EXERCISE AIM
Would you transcribe the entries below, beginning at the line with "Brygghusfront med Västerviks" and ending after the line with "其中一邊墻上是一個淺的空白的", exactly, with no picture and nothing more?

EXERCISE DATA
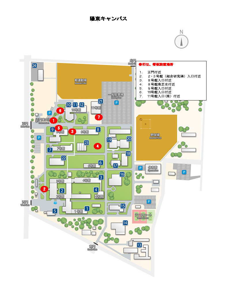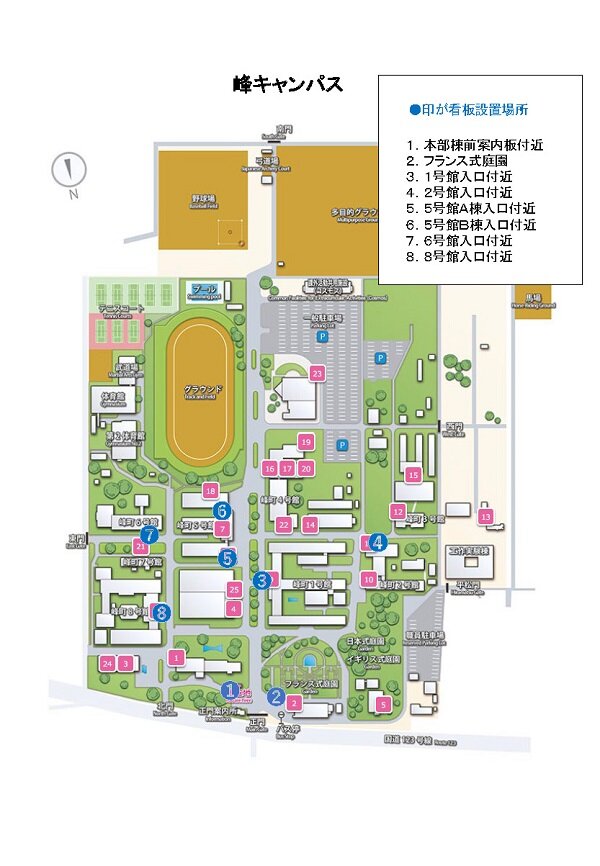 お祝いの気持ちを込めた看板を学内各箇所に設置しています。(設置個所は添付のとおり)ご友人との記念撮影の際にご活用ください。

* * *

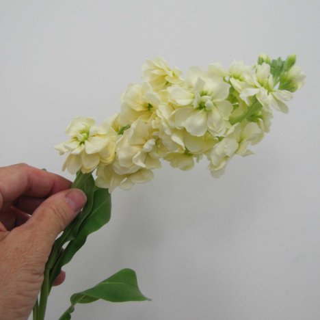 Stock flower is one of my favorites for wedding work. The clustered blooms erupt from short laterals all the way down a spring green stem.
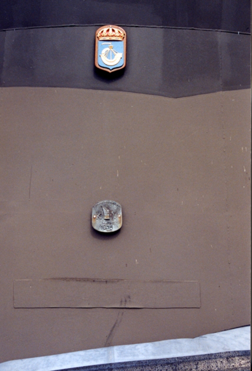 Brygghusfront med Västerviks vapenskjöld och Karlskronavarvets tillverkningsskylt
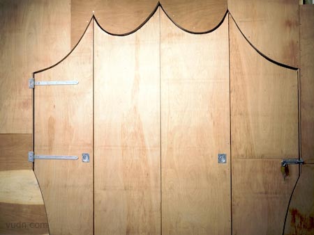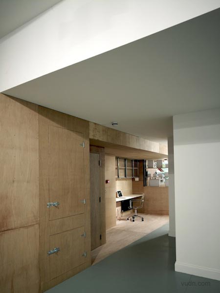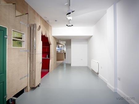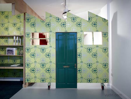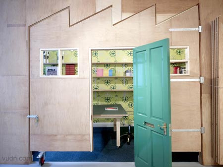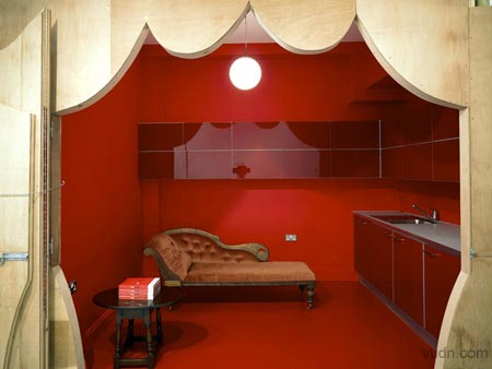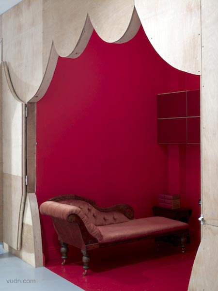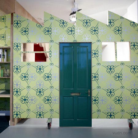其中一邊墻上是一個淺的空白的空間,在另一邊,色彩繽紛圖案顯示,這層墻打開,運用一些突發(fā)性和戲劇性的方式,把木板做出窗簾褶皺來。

--

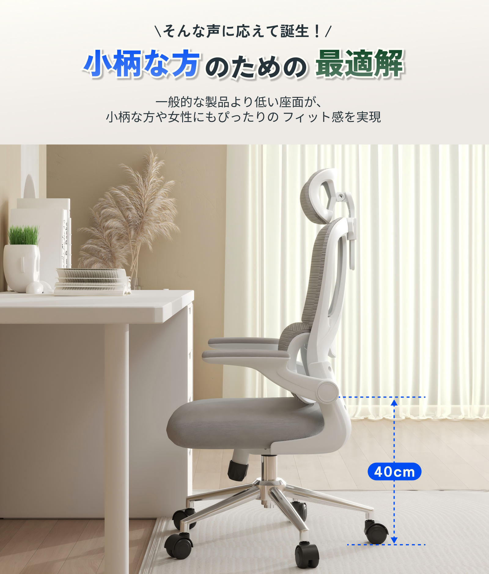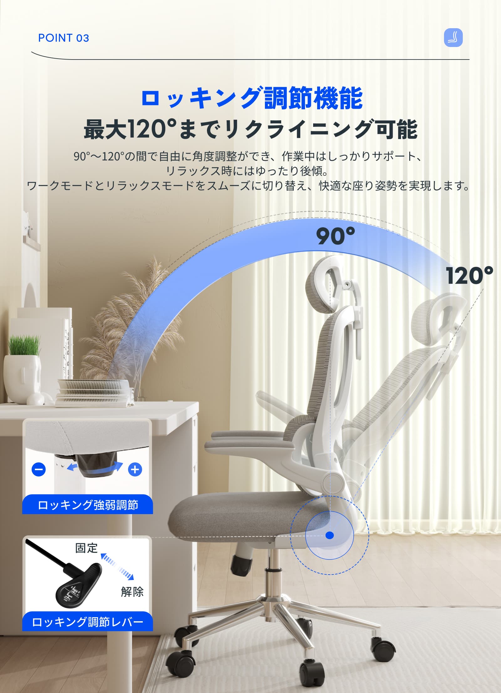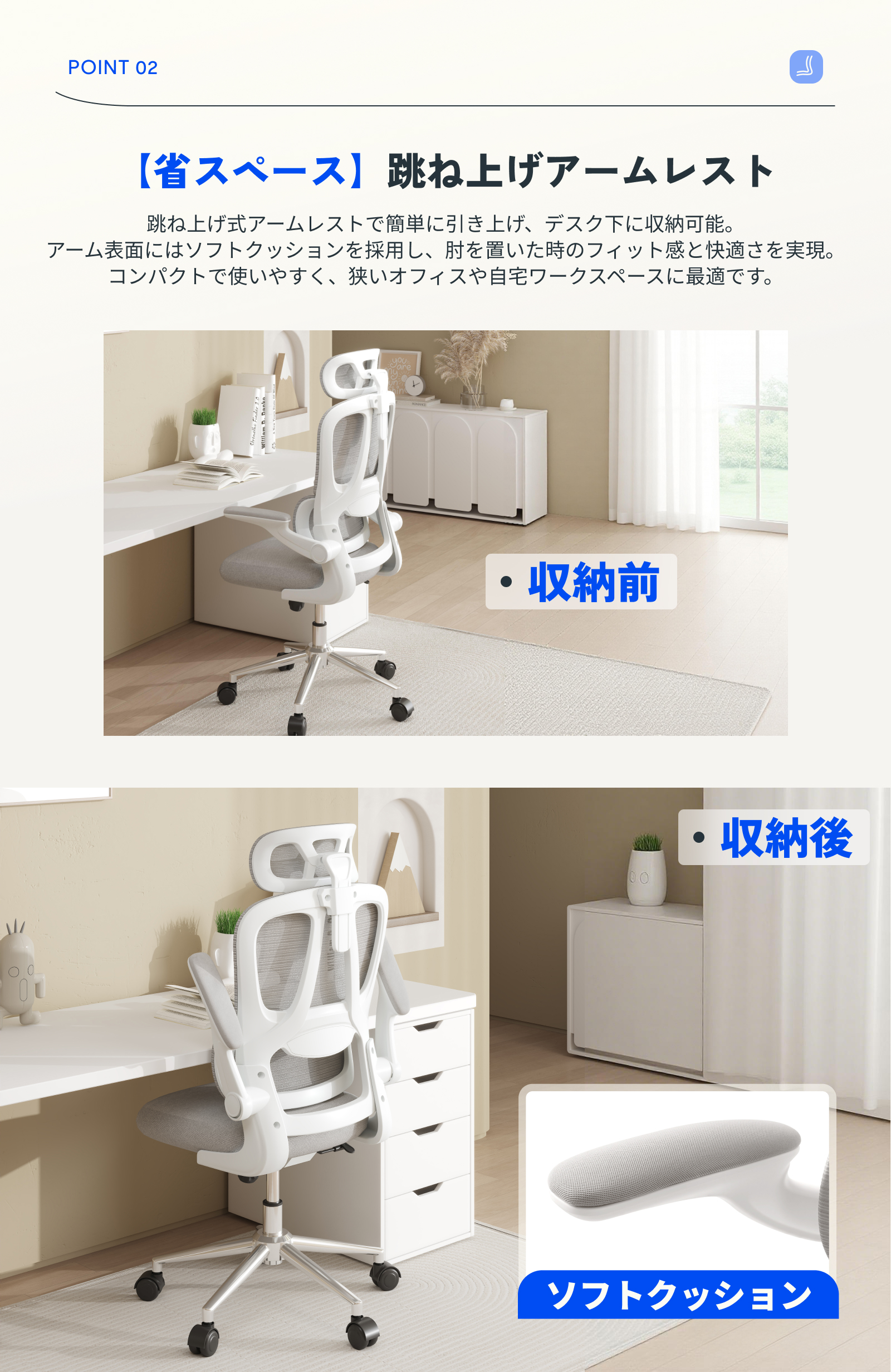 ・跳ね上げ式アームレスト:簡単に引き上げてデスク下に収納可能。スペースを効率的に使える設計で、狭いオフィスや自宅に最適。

EXERCISE RESPONSE
 Brygghusfront med Västerviks vapenskjöld och Karlskronavarvets tillverkningsskylt
其中一邊墻上是一個淺的空白的空間,在另一邊,色彩繽紛圖案顯示,這層墻打開,運用一些突發(fā)性和戲劇性的方式,把木板做出窗簾褶皺來。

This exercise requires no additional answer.